Власти все же быстро осознали, что с массовыми арестами слегка перегнули палку. 12 июня часть «условно арестованных» рабочих инструментальной мастерской под подписку впредь не участвовать в предательских попытках нарушать работу заводов были освобождены. По видимому, сыграла свою роль изменившаяся ситуация на фронтах. Если к началу забастовки страшили сообщения о том, что польские войска перешли в наступление против Красной Армии, и то же самое готов уже сделать барон Юденич в Крыму, то к 12 июня были получены оптимистические известия, что армия Буденного прорвала польский фронт и заняла предместья Киева.
Вернувшихся на завод неудавшихся забастовщиков, ожидал неприятный сюрприз. То ли случайно, то ли намеренно их столкнули с теми, кто не был арестован в эти дни, хотя в той или иной степени участвовал в забастовке.
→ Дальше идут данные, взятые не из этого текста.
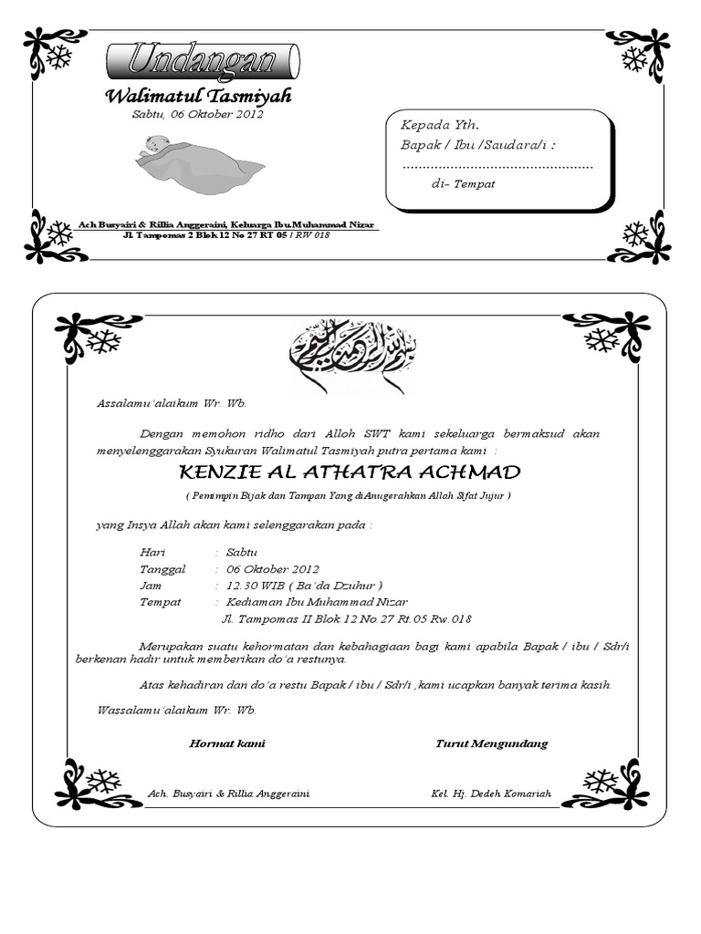 contoh surat undangan tasmiyah aqiqah – 0896~7465~4330 (WA) Undangan Aqiqah
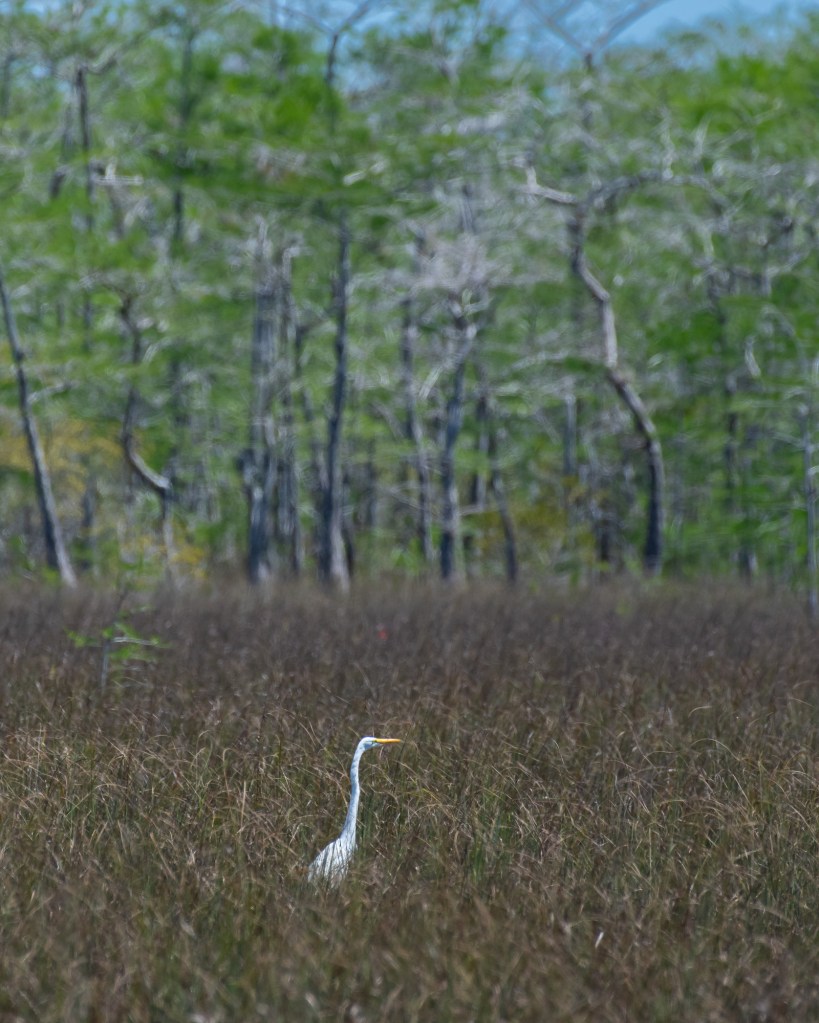 Even a large white bird such as this Great Egret can almost vanish in the vast swamp of sawgrass and reeds.
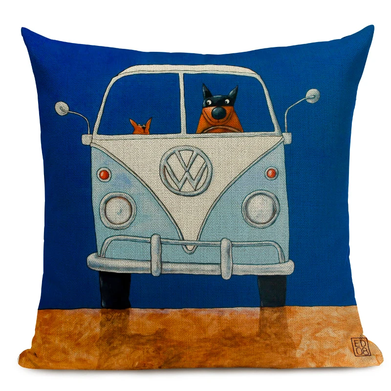 Лидер продаж, подушка, милая мультяшная собака, кошка, цвет, для вождения автомобиля, винтажная Подушка Almofadas 45x45 см, льняная декоративная льняная подушка, наволочка
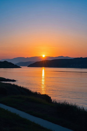 Sunset natural landscape by the lake
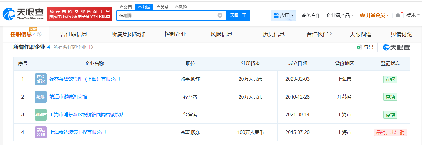 任职信息显示,倪某某名下关联4家企业,其中3家处于存续状态,分别为福客莱餐饮管理(上海)有限公司、靖江市徽味湘菜馆、上海市浦东新区祝桥镇闻闻香餐饮店,而上海羲达装饰工程有限公司已被吊销。
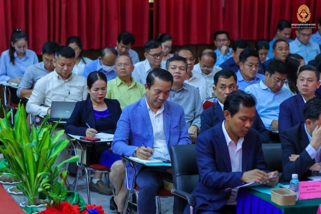 ទាក់ទងនឹងកិច្ចប្រជុំវិញ គឺដើម្បីពិនិត្យ និងពិភាក្សាលើស្ថានភាពទូទៅ និងដំណើរការនៃការធ្វើបច្ចុប្បន្នភាពរចនាសម្ព័ន្ធ និងជំរឿនមន្ត្រីជាក់ស្តែង ក៏ដូចជាកំណត់ការងារបន្តក្នុងការអនុវត្ត។នៅក្នុងកិច្ចប្រជុំនេះ មានការធ្វើបទបង្ហាញចំនួន២ របស់ថ្នាក់ដឹកនាំនៃក្រសួងមុខងារសាធារណៈ រួមមាន៖ បទបង្ហាញទី១. ដោយលោកជំទាវ ឈី វិជ្ជរ៉ា រដ្ឋលេខាធិការ ពាក់ព័ន្ធនឹងដំណើរការនៃការធ្វើជំរឿនរចនាសម្ព័ន្ធ និងមន្ត្រីជាក់ស្តែង ក៏ដូចជាបទពិសោធដែលបានអនុវត្ត នៅក្នុងការជំរឿននៅក្រសួងមុខងារសាធារណៈ និងបទបង្ហាញទី២. ដោយឯកឧត្តម យក់ ប៊ុនណា រដ្ឋលេខាធិការប្រចាំការ ពាក់ព័ន្ធនឹងការគិតគូរចំពោះមុខនាំឱ្យសម្រេចបាននូវកិច្ចការងារជំរឿនមន្ត្រីជាក់ស្តែង។

Начались взаимные обвинения в предательстве, переходящие в ненависть, крики «Иуда». Возобновление работ грозило перерасти в выяснение отношений на кулаках. Страсти удалось погасить лишь с большим трудом.
Тем не менее, впервые за долгое время на оружейном заводе 12 июня не было ни одного прогульщика, на всякий случай вышли даже больные. На что немедленно пафосно откликнулся в «Коммунаре» главный тульский идеолог Григорий Каминский:
«Пролетарская организованность, пролетарская сознательность и бдительность – победили. Военная промышленность Тулы снова на полном ходу.
На радость всей Советской России, на горе и скрежет буржуазных наймитов, изменников и врагов революции оружейный и патронный заводы заработали с наивысшей напряженностью. Мастерские оружейного и патронного заводов работают при полном комплекте рабочих. На работу явились даже больные.
Заговор контрреволюции сорвать военное производство, нанести жестокий удар в спину Красной Армии в самый критический момент не удался».
Завершился же этот горячий день первым из серии публичных заседаний чрезвычайного революционного трибунала. 12 июня слушалось дело рабочих первой пулеметной мастерской оружейного завода Ал. Вешнякова, Ал. Праведникова, Ив. Шкунаева, обвиняемых в агитации за срыв работ в оружейном заводе и в организации стачки.
Чрезвычайный революционный трибунал нашел обвинения, выставленные против Вешнякова и Праведникова, доказанными и приговорил Вешнякова к десяти годам тюремного заключения с привлечением на принудительные работы вне пределов Тульской губернии. Праведникова же ввиду чистосердечного его сознания к трем годам того же заключения.
В отношении Шкунаева было доказано его участие в незаконном собрании и попытке срыва работ в первой пулеметной мастерской, а также попытка уклониться от суда и следствия, назвавшись чужим именем. Но, считаясь с тем, что вина его в агитации к организации стачки не доказана, суд приговорил обвиняемого к одному году того же тюремного заключения.
При этом 12 годков отвесили токарю инструментальной мастерской, меньшевику В. Н. Бубнову, обвиненному в публичной и подпольной агитации против Советской власти, во время которой он «играл на струнах голода и разжигал стадные инстинкты». Обвиняемый свою вину отрицал, однако суд не посчитал его слова искренними. По-видимому, в жестокости наказания сказалось то, что несчастный токарь оказался бывшим попутчиком – меньшевиком, а значит на снисхождение ему никак нельзя было рассчитывать.